1. `oldbalanceOrg` and `newbalanceOrig`: These features, representing the originator's balance before and after the transaction, have the highest permutation importance. This suggests that the model heavily relies on changes in the originator's account balance to identify fraudulent activities. This is logical as fraudulent transactions often involve significant withdrawals or transfers, leading to noticeable changes in the account balance.
2. `amount:` The transaction amount is another crucial feature. Large or unusual transaction amounts can be indicative of fraudulent behavior, and the model seems to have learned this pattern.
3. `nameDest` and `nameOrig`: While not as important as the balance and amount features, these features (encoded representations of the recipient and originator's names) also contribute to the model's predictions. This might reflect patterns where certain accounts or individuals are more frequently involved in fraudulent transactions.
4. Other Features: The remaining features, such as `step`, `type`, `oldbalanceDest`, and `newbalanceDest`, have relatively lower importance.

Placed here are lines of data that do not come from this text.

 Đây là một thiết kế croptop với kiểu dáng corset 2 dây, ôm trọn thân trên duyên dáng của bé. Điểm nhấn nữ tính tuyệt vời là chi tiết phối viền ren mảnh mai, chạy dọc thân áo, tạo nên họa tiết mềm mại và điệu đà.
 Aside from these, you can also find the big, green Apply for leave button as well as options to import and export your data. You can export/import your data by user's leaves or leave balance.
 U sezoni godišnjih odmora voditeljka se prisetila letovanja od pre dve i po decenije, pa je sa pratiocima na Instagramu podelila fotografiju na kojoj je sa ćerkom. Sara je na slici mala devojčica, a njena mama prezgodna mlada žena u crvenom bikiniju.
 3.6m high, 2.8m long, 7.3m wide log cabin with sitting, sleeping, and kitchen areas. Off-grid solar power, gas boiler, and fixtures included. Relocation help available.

This doesn't mean they are completely irrelevant, but their impact on the model's predictions is less significant compared to the top features.
---
# Implications for Fraud Detection

- **Focus on Balance and Amount:** The results emphasize the importance of monitoring changes in account balances and transaction amounts for fraud detection. Real-time systems that flag unusual patterns in these features could be valuable in preventing fraudulent activities.

- **Investigate Suspicious Accounts:** The importance of nameDest and nameOrig suggests that identifying and monitoring accounts frequently associated with fraud could be an effective strategy.

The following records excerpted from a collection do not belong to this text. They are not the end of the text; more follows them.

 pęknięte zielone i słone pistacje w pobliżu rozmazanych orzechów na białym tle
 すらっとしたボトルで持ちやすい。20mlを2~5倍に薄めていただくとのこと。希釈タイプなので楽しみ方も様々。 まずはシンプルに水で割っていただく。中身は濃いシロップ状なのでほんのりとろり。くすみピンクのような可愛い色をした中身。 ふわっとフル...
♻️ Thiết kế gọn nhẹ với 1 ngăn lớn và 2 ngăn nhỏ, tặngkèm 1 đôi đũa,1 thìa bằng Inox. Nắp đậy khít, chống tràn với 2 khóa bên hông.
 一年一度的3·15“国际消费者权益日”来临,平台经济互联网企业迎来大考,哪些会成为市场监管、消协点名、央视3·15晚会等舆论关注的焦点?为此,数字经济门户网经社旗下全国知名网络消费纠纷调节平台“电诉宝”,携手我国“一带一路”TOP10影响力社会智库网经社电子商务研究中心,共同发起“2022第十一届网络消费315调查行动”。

Contextual Information: While step and type have lower importance, they still provide valuable contextual information. Combining these features with the more important ones could improve the accuracy and interpretability of fraud detection models.
- **Further Feature Engineering:** It might be beneficial to explore new features derived from existing data, such as transaction velocity, daily spending limits, or time-based features, to enhance the model's performance.
Overall, the permutation importance analysis for this dataset highlights the key features that drive the model's predictions and provides valuable insights for improving fraud detection strategies. By focusing on these important features and incorporating contextual information, we can develop more robust and effective systems to combat fraud.